One easily includes/understands this property starting from an other possible definition of the focal distances, starting from the Vergence $V$ of a system. If one calls $n$ and $n'$ the indices of entry and exit of the system:

$f'= \ frac {} {V}$ and $f=- \ frac {N} {V}$

For the systems plunged in the air (for example in photography) one thus finds also the following property: the focal distance image is the reverse of vergency:

$f'=-f= \ frac {1} {V}$

The concept of convergence and divergence is some also clarified: one will call converge an optical system whose focal distance image is positive and divergent a system whose focal distance image is negative. A convergent lens has a positive focal distance and a divergent lens a negative focal distance. In photography, the objectives are convergent systems as well as the caps of approach. The lapping machines of focal distance which one intercalates between the objective and film or (the sensor) are afocaux systems.

Calculation and measurement

It is always possible to calculate the focal distances starting from the geometrical data and of the indices of a system (curve, Index of refraction) since they are connected to the Vergence. Nevertheless when these data have suddenly missed an experimental measurement is possible.

Experimental measurements, for the mean systems the such thin lenses, generally rest on the determination of the positions of the hearths object and image. It is pointed out that the hearth image is the point towards which converge after the system of the rays which are parallel to the optical axis before the system. Contrary, rays passing by the hearth object arise parallel with the optical axis. The rays do not pass necessarily physically by the hearth, it can act of their prolongation.

One can have the illustration in some simple cases of it:

optical Lens;
Mirror curve.

One can also measure it in several ways in experiments:

By measuring it directly between the lens and the clear image of a sufficiently remote object to be regarded as ad infinitum (sun, stars or landscape at the horizon).
With the method known as of Silbermann: when the lens is placed in such way that the image on a screen (real image) with the same size as the object then the distance between the image and the object is worth four times the focal distance.
By the method of Autocollimation (for the convergent lenses only): after having joined a plane mirror with a lens, it is enough to seek the position of the lens for which object and image are superimposed perfectly.
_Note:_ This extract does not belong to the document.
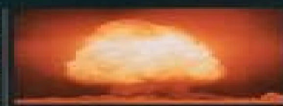
SCIENCE, THREATS & TRAITORS
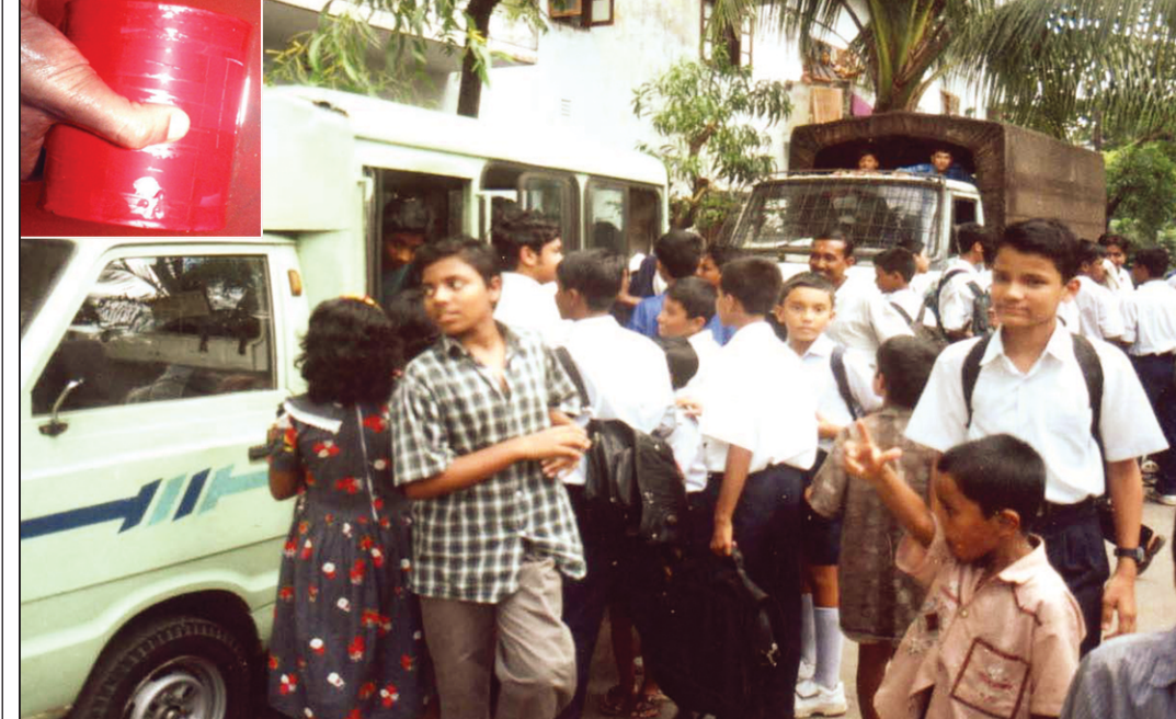
School children crowd outside the Bangladesh Bank Colony Welfare Association office at Agrabad in Chittagong wherefrom a bomb (inset) was recovered yesterday.

The distance between the object and the lens is then the focal distance from this lens.

Photography

Significant surface (the film in the case of the silver Photography, the sensor in the case of the Numeric photography) is in the plan of convergence of the rays resulting from the object to be photographed (see the articles Mise at the point and Depth of field ). In the case of an object “ad infinitum” (i.e., to fix the ideas, located at more than one score of meters, with an apparatus 24x36 and a current optics), significant surface is in the focal plan; its distance with the principal plan H' image of the objective is then the focal distance. See also the article Not nodal .

A variation of the focal distance induced two concrete effects on the image seen through the objective:

“Growth of the object”

With the traditional format 24×36, for example, the focal distance known as " normale" , natural or average is approximately of 43 mm (it is the diagonal of the image 24×36 mm): with this focal distance, it is of use to say that the image is perceived through the objective according to the same field angle as the human vision.
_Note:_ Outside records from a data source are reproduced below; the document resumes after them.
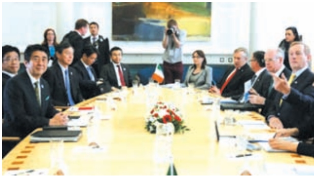
Japanese Prime Minister Shinzo Abe (far L) and Irish Prime Minister Enda Kenny (far R) are seen before their talks in Dublin on 19 June, 2013, during the first visit to Ireland by a sitting Japanese premier.

"Asia and Europe are closely linked and we share responsibility for and benefits of the world's peace and stability," Abe said at a joint Press conference after his meeting with Kenny. "We will strengthen cooperation and policy dialogue with the European
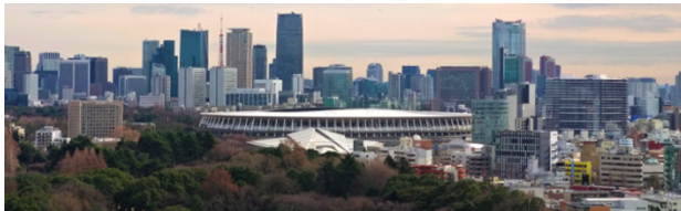
Kuma Kengo's Olympic Stadium nestles into its urban setting in downtown Tokyo. Photo: Peter Matanle, 16 January 2020.

Is there a clearer expression of the consciousness of modernity – its urge towards improvement, progress, and the individual self – than the Olympic Games? Modernity, modernism, and modernization are infused into every aspect of the Games, from the spectacular stadia, through dazzling ceremonies, to sensational athletic achievements. Amid the tendency to be analytical, and perhaps critical, let's first not forget that the Olympic Games is an immense source of inspiration, delight, entertainment, peace, idealism, and sheer unadulterated joy for millions of people around the world. And don't we all need some joy in our lives from time to time?
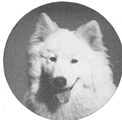
The White Christmas Sams

- The vision is a system with variable mental focusing: angle of attention (reading, examination of a detail) on 1°; angle of observation on 60°; angle of perception on 180°.

Actually this assertion must be moderate on several plans. Indeed the human vision does not proceed in the same way only the recording of an image behind an objective of focal distance fixes given: the eye has a field of view of great clearness or angle of attention (reading, examination of a detail) about 1 to 5 degrees, i.e. the field which a long focal distance of approximately 500 mm would record. Beyond these 5 degrees, the eye perceives the fine details less better. The eye sweeps the field without stop, the visual impression thus results from the permanent comparison of various fields to which the eye turns. Nevertheless, one speaks about angle of observation, which covers approximately 60° in the horizontal plane. It is this angle which is used as reference for the focal distance " normale" for the format considered. In addition, the eye has a sensitivity to the movements and the light which reaches almost the 180°, that describes the angle of " perception".

Another important point it is the way in which the sights are regulated. For example it is current that the sights of the reflex cameras 24×36 are regulated so that the focal distance of 35 mm gives a optical Grossissement identical so that the naked eye would see; the 50 mm is thus affected, through the sight of these apparatuses, of a factor of enlargement of 50/35 = 1,4.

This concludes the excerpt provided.